Tuesday, September 9, 2014

Tax Avoidance or Tax Evasion – The Difference Can Result in Jail Time




“I’m 80% sure the home interest deduction doesn’t apply to me, but I’m going to take it anyway.”

“I won some money in Vegas, but I ‘forgot’ how much and there is no record.”

“I don’t get a W-2 or 1099 for half of my income, the IRS will never know.”

Tax avoidance?  Not a chance.   Black’s Legal Dictionary, Avoidance of Tax - “the method by which a taxpayer reduces his tax liability without committing fraud.”
In other words, tax avoidance is using all legal means to reduce your tax liability and we all have the right to avoid taxes.

When does tax avoidance reach the level of tax evasion?  Most of the time, just like the above, people know when they are doing something wrong or fraudulent.  Regrettably some folks do not know you can go to jail for tax evasion.  Some folks who have taken part in such schemes have found themselves not only owing hundreds of thousands of dollars to the taxing authorities, both federal and local, but also facing jail time. A good rule of thumb when evaluating such schemes might be, “If it sounds too good to be true, it probably is.”

Some taxpayers participate in obvious tax evasion as a daily practice.
·      Cash transactions that never see the books.
·      Paying employees “off books” to avoid employment taxes
·      Failing to report income with full intent to evade paying taxes
·      Trumping up expenses that have absolutely no basis in reality
·      Keeping two set of books

The result of these evasions can result in significant fines or even jail time.  Two recent convictions turned out badly for the miscreants (from http://www.taxproblemattorneyblog.com):

Horany, a business owner, admitted to underreporting his income by approximately $175,000, which resulted in his underreporting his tax due and owing by over $60,000 in 2007 alone. In total, Horany underreported his tax due by more than $145,000; he was sentenced to 12 months in prison for his actions. Sometimes taxpayers try to convince themselves that the IRS won't go after them because they are "minnows." This case is a warning that it is not necessary to evade millions of dollars in taxes in order to be prosecuted for tax evasion.
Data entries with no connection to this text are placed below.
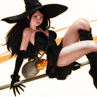 a traditional witch's hat, complete with pointed top and a broomstick, which she holds in one hand while seated on the other. Her attire includes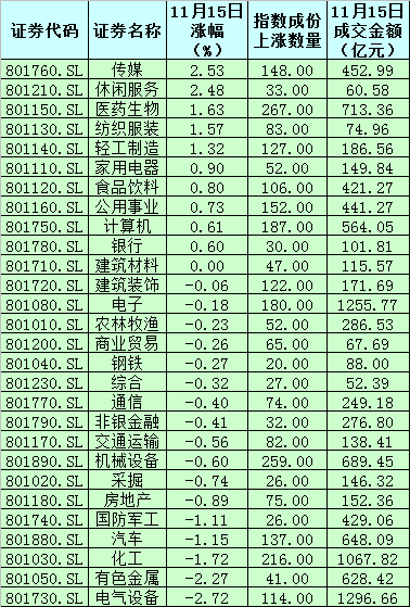 周一(11月15日)申萬一級行業(yè)市場表現(xiàn)情況: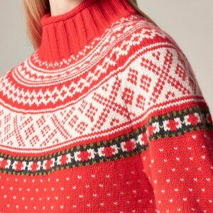 J. Crew Fair Isle 2025 Rollneck Sweater in Red Ivory NWT Size S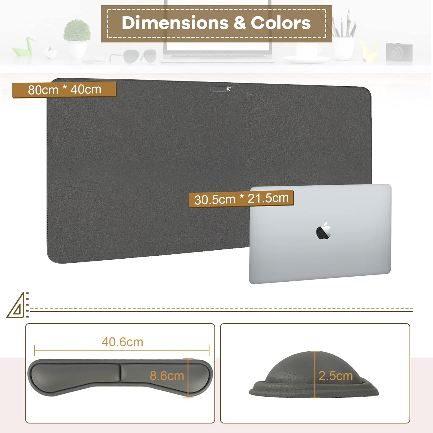 AECCN Leather Desk Mat and Keyboard Wrist Rest Set - Premium PU Office Desk Pad Protector & Ergonomic Wrist Rest with Gel Wrist Support Pad for Home Office Accessories(Truffle Grey 80 X 40 cm)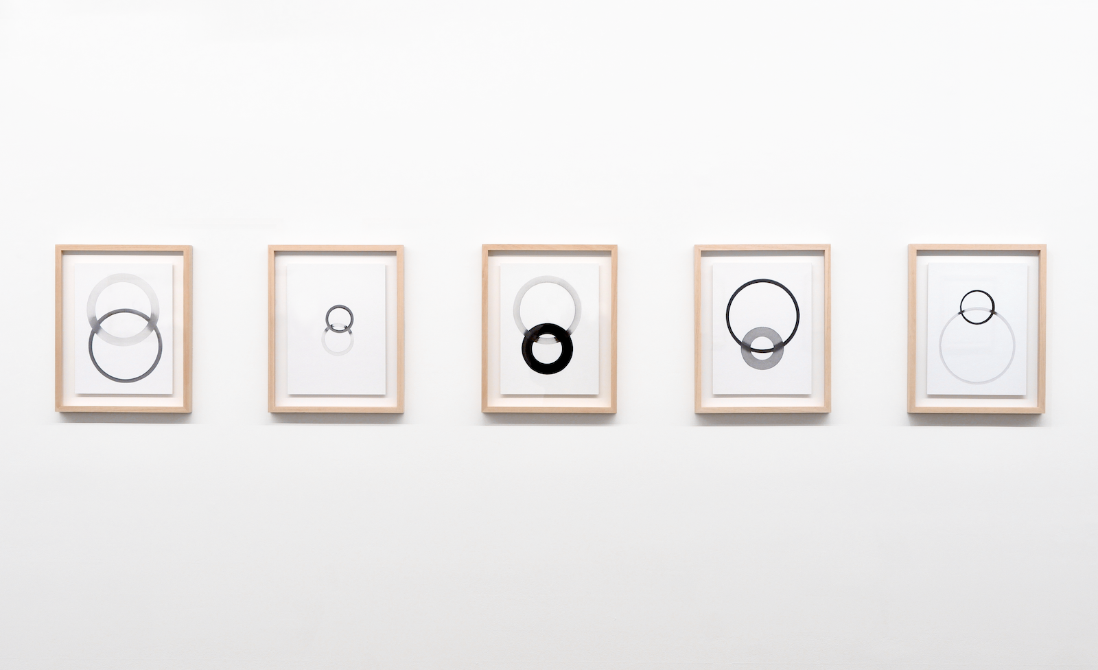 Le point de rupture dans l’œuvre de Lygia Clark est marqué par Caminhando (1963), une bande de papier découpée de façon à former un ruban de Möbius, cette surface continue et suggérant l’infini, dont on peut voir simultanément l’intérieur et l’extérieur. L’acte en constitue d’autant plus le cœur que les deux lignes (l’incision et ce qu’elle produit) sont assimilées, par le titre, à la marche, qui met en relation le corps en mouvement et l’espace traversé-découpé, la marche qui est ligne et, à ce titre, tient du dessin, comme l’écrit Tim Ingold dans Une brève histoire de lignes : « Le voyageur itinérant (wayfarer) est continuellement en mouvement. Il est, à strictement parler, son mouvement. […] l’itinérant se réalise dans le monde sous la forme d’une ligne qui voyage. » Les dessins réalisés par Gabrielle Conilh de Beyssac au moyen d’un tour de potier engagent singulièrement le mouvement : non seulement parce que la circularité régulière en est une forme symbolique, mais aussi parce que la feuille tourne et que la main bouge aussi, que les deux cercles font plus que suggérer un mouvement d’entraînement, l’encre se diffusant de l’un à l’autre à chaque passage (Cercles), qu’enfin les spirales s’éclaircissent à mesure que s’épuise la goutte d’encre qui sert à les former (Spirales), de même que les craies grasses s’amenuisent à déposer des traits sur le papier (Partitions). L’action est toujours réciproque et les deux parties en sont affectées – on entendra ce terme dans tout le spectre de sa polysémie.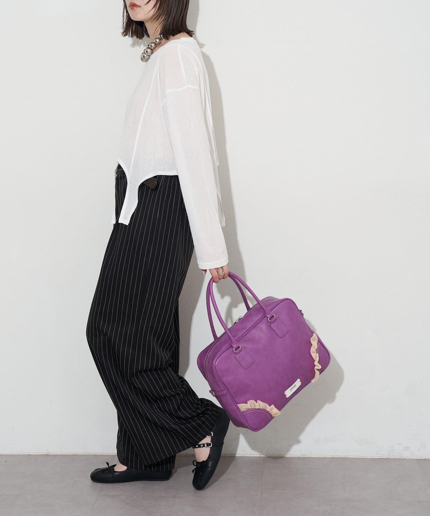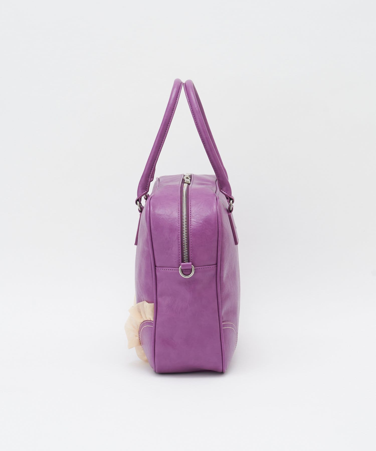 チュールのフリルをあしらった、大人ガーリーな雰囲気のボストンバッグ。

Sathre, also a business owner, was a much bigger fish; he pled guilty to charges of tax evasion and was sentenced to 36 months in prison and was ordered to pay $3,113,882 in restitution for willfully evading payment of his taxes for 1995 and 1996. According to the Department of Justice press release, Sathre concealed income from a property he sold, for which he received over $3 million in installment payments. Sathre compounded the problem by sending over $500,000 during 2005 and 2006 to an
offshore bank account in the Caribbean, and later wired $900,000 from the sale of another property to the same offshore account in an attempt keep the funds out of the reach of the IRS. In addition, Sathre supplied the Caribbean bank with false declarations and false promissory notes and also claimed he was neither a citizen nor a resident of the United States. Although not mentioned in the press release, one would assume that Sathre also failed to file Foreign Bank Account Reports (FBARs) on TD-F 90-22.1 (now known as FinCEN Form 114). These criminal tax cases (among many others) demonstrate that the IRS takes the issue of underreporting income very seriously and will not hesitate to press for a prison sentence in cases involving tax evasion.

So where should you draw the line. You should take advantage of every possible expense deduction and loophole regarding earnings, but understand that when you go too far, it may cost you dearly in dollars or even a unexpected vacation in the Federal penitentiary.